発達障害・ADHDタイプの息子と朝から一緒の生活は、自分でも嫌になるくらいイライラしてばかり。家事も適当にして楽にしているつもりですが、一日一回は感情的に怒ってしまいます。親の私の感情のコントロール方法はありますか?
9歳・男の子のママ
うちの息子も発達障害・ADHD傾向があります。家で毎日朝から晩まで一緒にいると、イライラすることもありますよね。私が、感情的に怒ることをやめたきっかけと方法をお伝えします。
発達科学コミュニケーション
リサーチャー 秋村若菜
【目次】
1.発達障害の子どもに対して感情のコントロールが必要だと痛感した私
2.今までのやり方を変えるために受け入れることは⁉︎
3.感情的に怒らないでコントロールする方法
◆ポイント①自分の感情を掘り下げる
◆ポイント②自分の感情を心の中で唱える
◆ポイント③お○○○を伝える
1.発達障害の子どもに対して感情のコントロールが必要だと痛感した私
学校休校が終わり再開した今でも多いご相談が、子どもに対してお母さんがイライラして感情的に怒ってしまうこと。3月から5月いっぱいは、一日中家で一緒でしたから、イライラする場面は多かったですよね。
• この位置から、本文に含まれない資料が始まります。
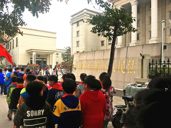 城东小学研学旅行走进人民法院 来源: 作者:汪胜盛 发布时间:2017-11-07 浏览次数: 次 【字体:小 大】 11月3日下午,城东小学经东校区开展了研学旅行“走进法院”活动,孩子们带着满心好奇,来到了海陵区人民法院。孩子们参观了法院的立案厅,第一次旁听了一起青少年打架斗殴案件,严格的审判程序,庄重严肃的法庭气氛,被告人的悔不当初,让在场的每位学生都感受到法律的威严。随后,孩子们在工作人员的带领下参观了诉讼服务中心、执行指挥中心,了解了更多的法院工作流程。活动结束,同学们都表示要做一名知法、懂法、守法的好学生。 分享到: 【打印正文】 相关内容
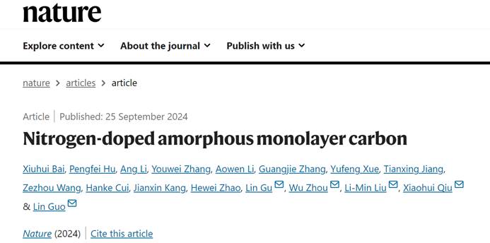 2024年9月25日,《Nature》杂志报道了英国正版365官方网站郭林教授、刘利民教授研究团队和合作者在氮掺杂单原子层非晶碳可控合成上取得的最新进展:《Nitrogen-doped amorphous monolayer carbon》。该工作提出了一种利用纳米尺度二维限域模板进行小分子聚合的液相合成策略,成功制备了氮掺杂的单原子层非晶碳材料。这项研究解决了二维非晶材料合成领域的长期挑战,为二维非晶材料在材料科学、电子器件及其他前沿技术领域的应用开辟了新途径。
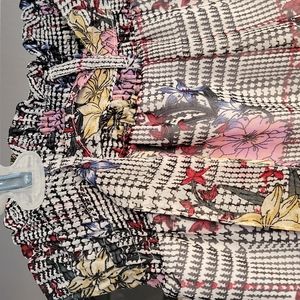 wide leg sheer pants with ruffled elastic waist and fabric belt. floral. size 1X. never worn
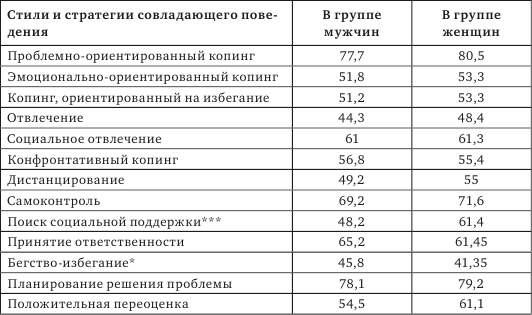 Иначе говоря, эмоциональные выплески, отреагирование трудных ситуаций, переживания, самокопание, по-видимому, не приводят к облегчению эмоционального состояния у женщин, мешают в разрешении проблем, уводят от преодоления трудностей. Следовательно, на данном этапе жизненного цикла семьи мы можем приравнивать эмоционально-ориентированный копинг по его значимости для социально-психологической адаптированности к стратегии бегства-избегания.
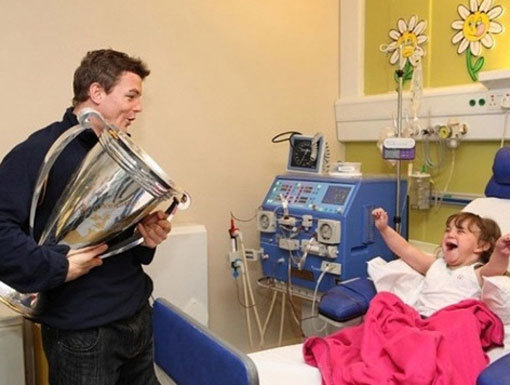 25일 각종 온라인 커뮤니티에는 아일랜드 럭비 선수인 ‘브라이언 오 드리스콜’이 시즌 우승컵을 들고 자신의 소녀팬의 병원을 방문한 사진이 올라왔다.
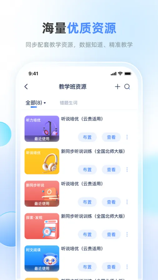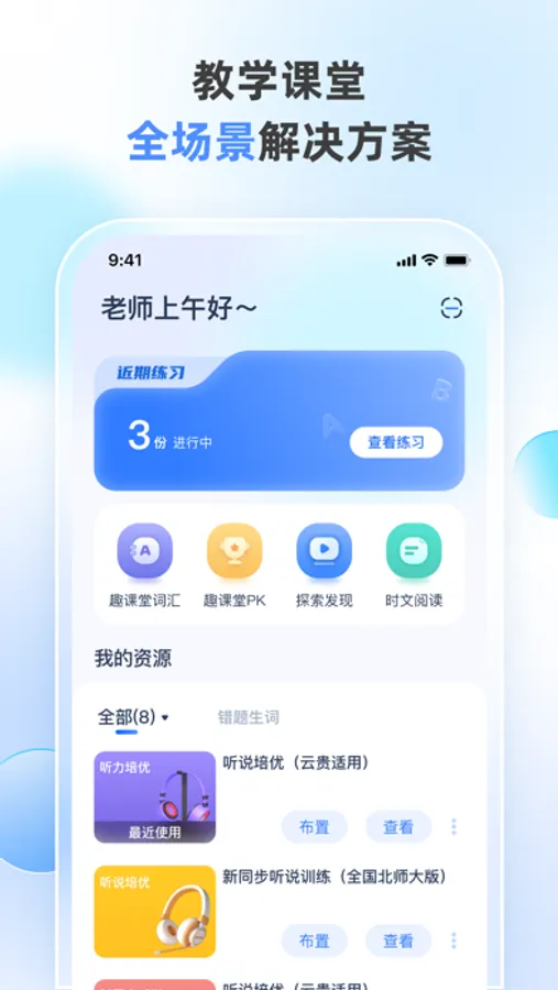适配不同教材,核心功能包括:领读、听写、默写、背诵、配音、讲词、单词PK、拼词PK、查看报告。减轻老师晨读及课堂教学负担,活跃课堂气氛,提升学生英语学习乐趣。
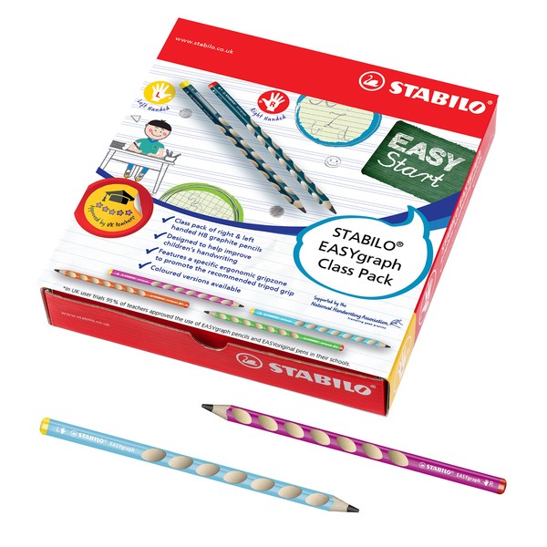 Ergonomic Graphite Pencil - STABILO EASYgraph - 8 x Left-Handed and 40 x Right-Handed - Classpack of 48 - Assorted Colours - HB
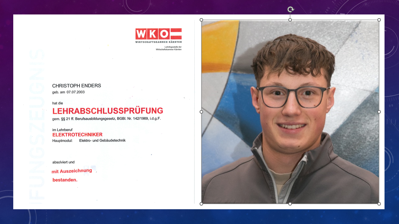 Wir gratulieren unseren Lehrling Christoph zur bestandenen LEHRABSCHLUSSPRÜFUNG mit "AUSZEICHNUNG" im Lehrberuf ELEKTROTECHNIKER.
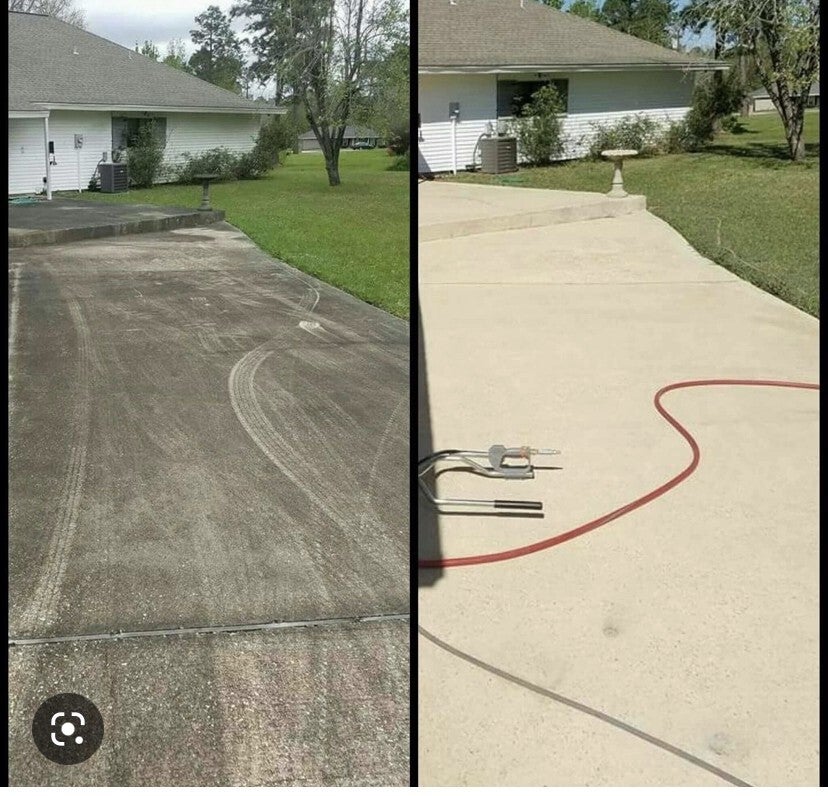 This project involved deep cleaning a heavily stained concrete driveway. Years of dirt, oil, and grime were removed to reveal a like-new surface, drastically enhancing the home's curb appeal. The client was amazed by how bright and clean their driveway looked, transforming the entire entrance to their property.
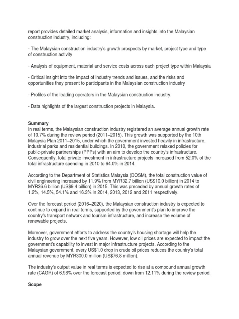 Although the construction industry is not the highest contributing industry towards the accident statistics in malaysia, however, its figures.adjudication in the malaysian construction industry background for the research adjudication is one of the alternative dispute resolution procedures for. It is a collation of research papers and other academic. Today the malaysian construction industry is more advanced, modernized and well equipped. The industry's output is forecast to shrink by 14.9% in 2020, as construction activity was brought to a standstill across many parts of the country. This situation reflects the significance of construction industry in the.
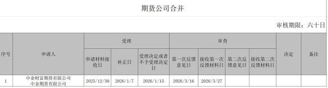 回溯此次合并全程,进程高效有序。去年12月29日,中金财富期货发布公告称,公司正筹划吸收合并中金期货事宜,特此通知债权人。次日,证监会正式接收该合并事项的申请材料,合并流程正式启动。
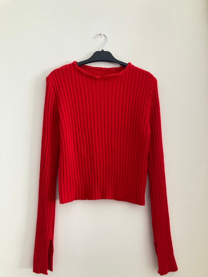 Kırmızı, uzun kollu, triko kumaştan, fitted kesim ve bisiklet yaka kazak. Günlük kullanıma uygun sade ve rahat bir parça. Midi boyda ve desen içermeyen tasarım.
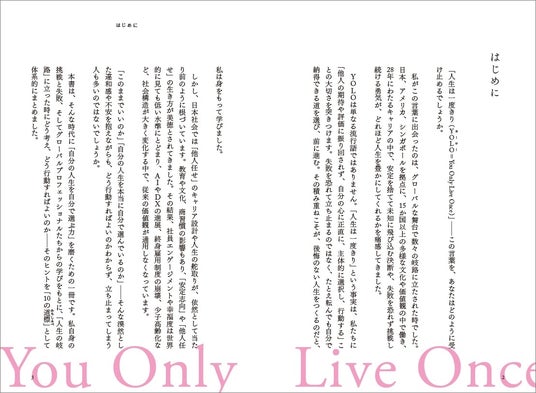 「YOLO=You Only Live Once(人生は一度きり)」=「他人の期待や評価に振り回されず、自分の心に正直に、主体的に選択し、行動する」という価値観を軸に、グローバル企業で活躍するプロフェッショナルたちの実例や著者自身の挑戦と成功のストーリーを、意志決定のヒント=「10の道標」として体系的に解説します。

私は、中学生の一人息子に対して、今ではイライラしたり感情的になることはありませんが、息子が小さいときは常にイライラしていました。感情的になって怒ることもしょっちゅう。でも、ある日を境に、私は感情的に怒ることをやめました。
ご相談への回答として、私が怒らなくなったきっかけや方法をお伝えさせていただきますね。
きっかけになったのは、息子が小学3年生のとき。発達障害・注意欠陥多動性障害(ADHD)傾向がある息子は、学校に行くと帰宅後は機嫌が悪く、いつもヘトヘトに疲れていました。
集団でのコミュニケーションが苦手で、友達と遊びたくても喧嘩が多かったからです。
ある夏の夜、息子の着替えを手伝っていたときのことです。下着を出してあげる際に、誤ってヒラッと冬用の暖かい素材の下着を落としてしまいました。息子はサッとその冬の下着を履きました。
私は息子へ、夏用の下着に履き替えるよう伝えました。暑苦しい夜でしたので、一度寝たとしても途中で「暑い!」と起きてしまうことを避けたかったからです。なかなか動かない息子へ、私は何度も指示をしました。
この日も学校で疲れ切っていた息子は、一度履いたら面倒だと思っていたのでしょう。激しく反発しました。
息子は、とても暑がりで、後から暑くて痒くなるかもしれない。すでに違和感があるかもしれないと思い、私は息子のためだからと「今すぐ履き替えなさい!」と命令しました。
すると急に息子は泣き出して、「ママひどい!」「暑いかどうかを決めるのはママじゃない。僕の体のことは僕が決めるんだ!」と訴えてきたのです。
そのときはすでに23時。疲れきった息子の必死な姿を目の前にして、息子をコントロールするのでなく、私が自分の感情をコントロールしなければ!と痛感しました。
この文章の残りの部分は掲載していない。